Site Crawler

Introduction

The Site Crawler analyses a target website and builds the site structure using the information collected, including the site’s directories and files / objects.

Description: screenshot

Screenshot – The crawler tool interface

The interface of the Site Crawler consists of:

  • Site structure window (left hand side) – Displays target site information fetched by the crawler, e.g., cookies, robots, files and directories.
  • Details window (right hand side) – Displays general information about a file selected in the site structure window (e.g., filename, file path etc.).
    A series of tabs at the bottom of the Details window display further information about the selected object.

Starting a Website Crawl

  1. Select ‘Tools > Site Crawler’
  2. Enter the URL of the target website (e.g. http://testphp.vulnweb.com/).  
  3. If you want to use a recorded login sequence during the crawl, select it from the ‘Login Sequence’ drop down menu.  
  4. Click on the start button to start the crawling process.  
  5. If the website or any parts of it require HTTP authentication to be accessed, a pop-up window will automatically appear for you to enter the correct credentials, unless they were already configured in the HTTP Authentication settings node.

The site structure will be displayed on the left hand side. For each directory found, a node will be created together with sub nodes for each file.  The site Crawler will also create a Cookies node, which displays information about the cookies used.

It is also possible to load the results of a previously saved crawl or save the results of a completed crawl.

Crawling Options

Crawler configuration settings can be modified by navigating to ‘Configuration > Scan Settings > Crawling Options’. The following Site Crawler options are available:

Screenshot - Crawling Options

  • Start HTTP Sniffer for manual crawling at the end of the scan process - This starts the HTTP Sniffer at the end of the crawl to allow the user to browse parts of the site that were not discovered by the crawler.

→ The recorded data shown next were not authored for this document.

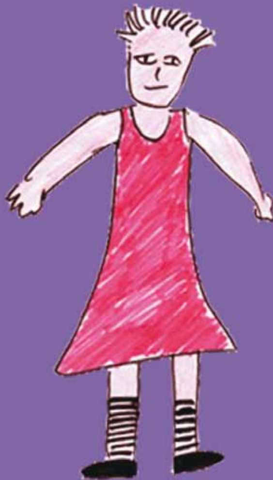
Postkarte zum Theaterstück „Prinzessin Tim“

Ein Theaterstück für Menschen ab 2 Jahren
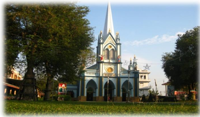
ภาพที่ 5 โบสถ์อัครเทวมารีคาแอล ดอนกระเบื้อง

ดอนกระเบื้องเป็นตำบลหนึ่งในเขตบ้านโป่ง จังหวัดราชบุรี มีพื้นที่ติดกับเขตอำเภอโพธาราม สำหรับชื่อ “ดอนกระเบื้อง” นั้นมาจากสภาพภูมิประเทศซึ่งเป็นที่ราบลุ่มและมีพื้นที่สูง มักเรียกว่าเป็นที่ “ดอน” แต่ก่อนสภาพพื้นที่ป่ารกชัวยบ้านในสมัยแรกมักปลูกยาสูบ ทำไร่ ทำนา ประกอบกับในช่วงนั้นมีแมลงชนิดหนึ่งซึ่งมักเรียกว่า “ตัวกระเบื้อง” อยู่เป็นจำนวนมากเป็นแมลงปีกแข็ง มีสีดำ ขนาดเท่าเมล็ดถั่วเขียว ชอบอาศัยตามหลังคาบ้านเรือนหรือในที่อับชื้นแต่ในปัจจุบันนี้หาพบตัวกระเบื้องนี้ได้ยากแล้ว
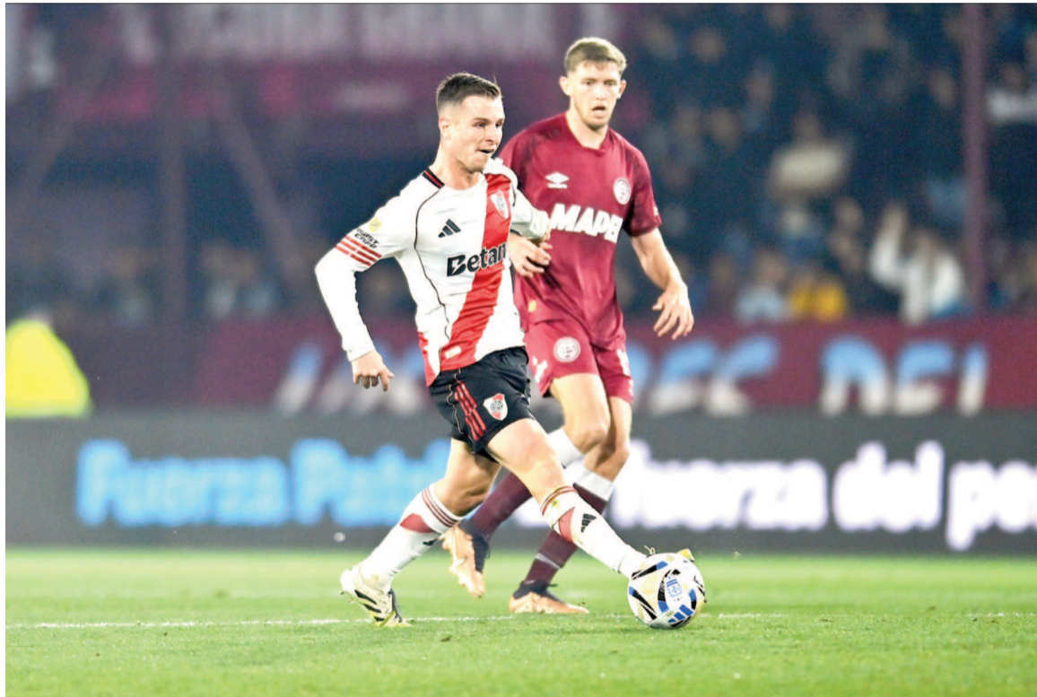
Al Millonario se le escapó el triunfo en la última jugada.
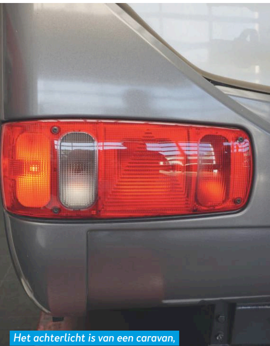
Het achterlicht is van een caravan, te zien aan de reflectordriehoek.
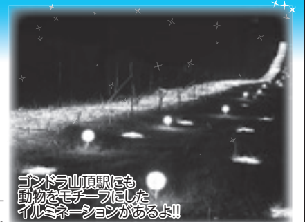
ゴンドラ山頂駅にも動物をモチーフにしたイルミネーションがあるよ!!

二本松市奥岳温泉 あだたら高原リゾート TEL0243-24-2141 http://www.adatara-resort.com
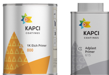
Kapci 800/805/810/820/870/873/875/880 Kapci 615 Adplast Plastic
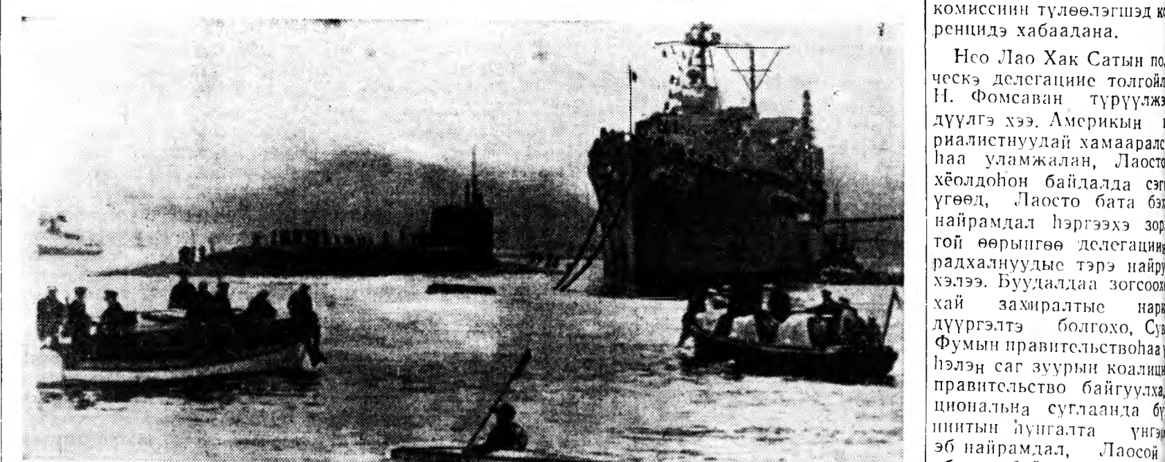
Шотландийн Холи-Лох гэжэ атомна онгосо мартын 8-да тамаран сэглэгдэнхэй. Англин арадай дура уһан доогуур ябадаг онгосонуудыс сонуудай түрүүшынхын болоно. ЗУРАГ ДЭЭРЭ: Англин далайн ябадаг онгосые «хамгаалан хаража» байна.

Республикын урда, түбэй районнуудта 2—4 миллиметр, Ула голлой зьедэ—6—9, Няхтын Хамнигадай нотагта—15, Орлмгто—18, Түнхэнэй Мондо нотагта 33 миллиметр хүртээр шиг нойтон ороһон байна. Үнгэрһэн үе соо дунда зэргээр газарай хурьһэн доошоо 10 сантиметртэ 5—8 градус, Петрозавловкада —10, Л. Гончарова, агрометеоролог.
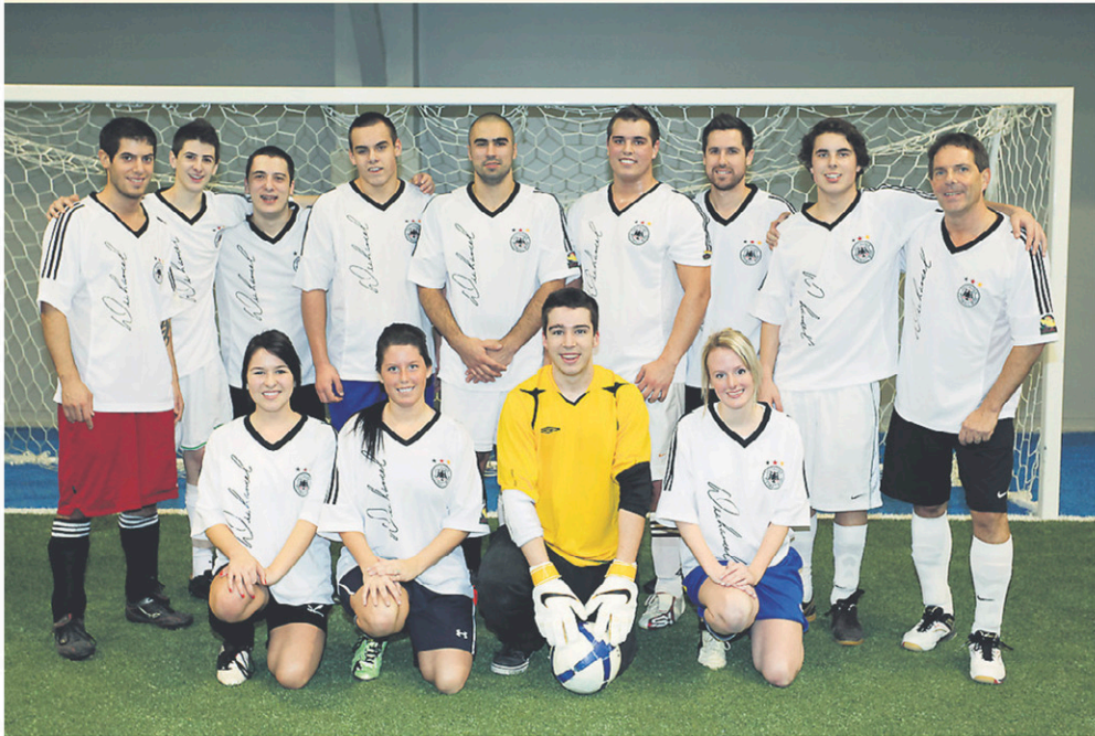
L'équipe des Rôtisseries Duhamel lors d'un tournoi de soccer au profit de la Fondation Jean-Yves-Phaneuf, en janvier 2012.
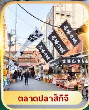
ตลาดปลาซึกี
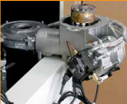
Verbrennungseinheit in Wartungsposition einhängen
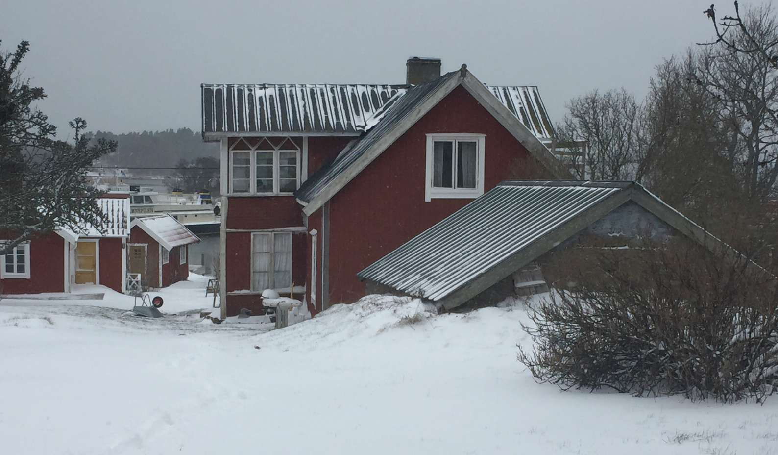
Den gamla släktgården i vintervila.
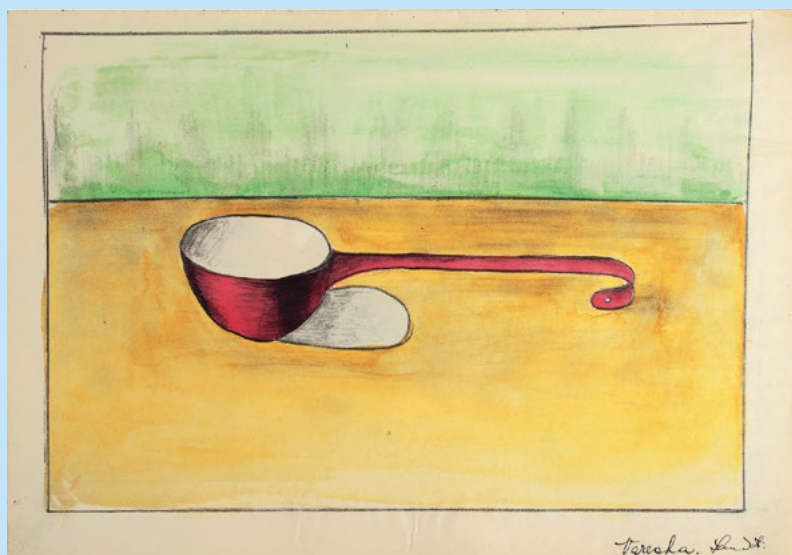
Otis Laubert: Varecha / Cooking Spoon , 1958–61 (vek 12 – 15 r. / 12 – 15 years), majetok autora / courtesy of the artist, foto / photo: Ema Lančaričová

a special category were the artists from artists' families, who from childhood onwards had seen their parents at work and knew the positives and risks of this profession (V. Rónaiová, D. Krajčová).
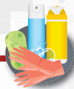
Limpia y desinfecta los objetos y superficies de mayor contacto

Si presentas fiebre, malestar general, tos seca y/o dificultad para respirar, acude a la unidad de atención médica y
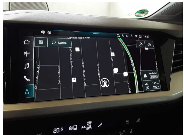
Abbildung 6: Innenraum
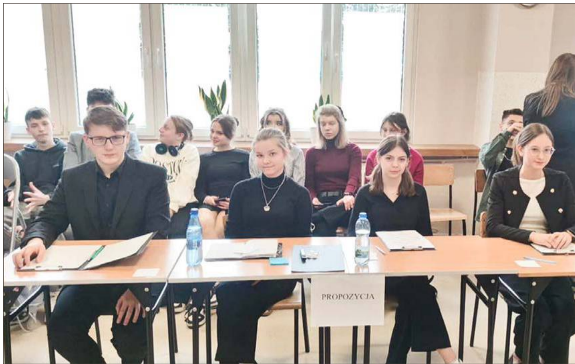
Drużyna LO w Jodłowej podczas debaty z uczniami I LO z Dębicy.

Przed nimi kolejne starcia z uczniami innych szkół prowadzonych przez Starostwo Powiatowe w Dębicy. Będą musieli zmierzyć się z trzema tezami. Pierwsza: Młodzież dwóch ostatnich klas szkół ponadpodstawowych powinna jeden dzień w tygodniu mieć prze-
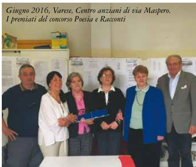
Giugno 2016, Varese, Centro anziani di via Maspero. I premiati del concorso Poesia e Racconti

Typically the Acunetix Web Vulnerability Scanner crawler is able to crawl the entire website though there are some scenarios where it fails to do so automatically. The crawler will update the website structure with the newly discovered links and pages.
  • Get first URL only - Scans the index or first page of the target site only and does not crawl any links.
  • Do not fetch anything above start folder - By enabling this option the crawler will not traverse any links that point to a location above the base link. E.g. if http://testphp.vulnweb.com/wvs/ is the base URL, the crawler will not crawl to links which point to a location above the base URL like http://testphp.vulnweb.com.
  • Fetch files below base folder - By enabling this option the crawler will follow links that point to locations outside the base folder. E.g. if http://testphp.vulnweb.com/ is the base URL, it will still traverse the links which point to an object which resides in a sub directory below the base folder, like http://testphp.acunetix.com/wvs/.  With this option disabled, the crawler will not crawl any objects from the root’s sub directories.
  • Fetch directory indexes even if not linked – When enabled the crawler will try to request the directory index for every discovered directory even if the directory index is not directly linked from another source.
  • Retrieve and process robots.txt, sitemap.xml - By enabling this option the crawler will search for a robots.txt or sitemap.xml file in the target website, and follow all the links specified if robots or sitemap are detected.
  • Ignore CASE differences in paths - By enabling this option the crawler will ignore any case difference in the links found on the website. E.g. “/Admin” will be considered the same as “/admin”.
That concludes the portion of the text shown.